Tidy, John

Tidy, John             1916 June 16th              Larkhill

Tired of Army Life

The Coroner for South Wilts (Mr F H Trethowan) held an inquest at the Fargo Military Hospital on Friday concerning the death of John Henry Tidy (27), a private in the King’s Own Yorkshire Light Infantry, who was found with his throat cut and a razor lying by his side.

Frederick Hemmings, Company-Sergeant-Major, B Company, 2nd-4th KOYLI, stationed at No 10 Camp, Larkhill, stated that Tidy was in his company, and his home was at Radford, Nottingham. He joined the Army in March. He had become a good soldier, and did his work well. He was always cheerful when witness saw him, and he did not know that he had any trouble. If he had had any complaint about anything he thought he would have made it to him.
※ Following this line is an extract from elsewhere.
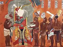 The evidence for body painting among the Maya largely comes from various murals. One mural found in Bonampak, Chiapa shows a man being painted red from the neck down by a servant while a woman's face is painted red.[12] Another mural found at Calakmul depicts merchants and non-elites wearing face paint of various colors and designs, suggesting that paint may have been used to differentiate class and gender.[15]

George Schofield, a private in the same company, said that on the morning of June 7th he went to one of the latrines, and heard a noise like groaning in the next one. He opened the door and saw Tidy with his throat cut and a razor lying by his side. He was unconscious. Witness sent someone for the Sergeant-Major, and waited outside the door until he arrived. He assisted him to put Tidy on the ambulance. Witness slept in the same hut as Tidy. He used to complain of pain in the head and eyes. He also said he was tired of Army life. He had no trouble with his work, and did not complain of the way he was treated in the Army. He had said on several occasions he would not “stick it” much longer and would “finish himself out,” but afterwards he had told witness not to take any notice of it, as it was only his “kid.” On the evening of June 6th between eight and nine, he was talking to him in the hut. He picked up a bundle where witness knew he kept his razor, and said, “This will be the end of me.” Witness told him not to talk so stupidly. He did not think he meant anything. He had previously told him that his father was not very good “pale” (pals) with him, and witness thought that worried him a little. He knew of no other home trouble.

Lieutenant William Bennett, of the RAMC, said he was attached to the KOYLI. He saw the man in the medical hut very shortly after he was found in the latrine. He was alive. His throat was cut. It seemed to be a right-handed self-inflicted wound. He received medical attention, and lived about a quarter of an hour after witness first saw him. He could not make any statement. The cause of death was hemorrhage and shock.

A verdict of “Suicide whilst of unsound mind,” was returned.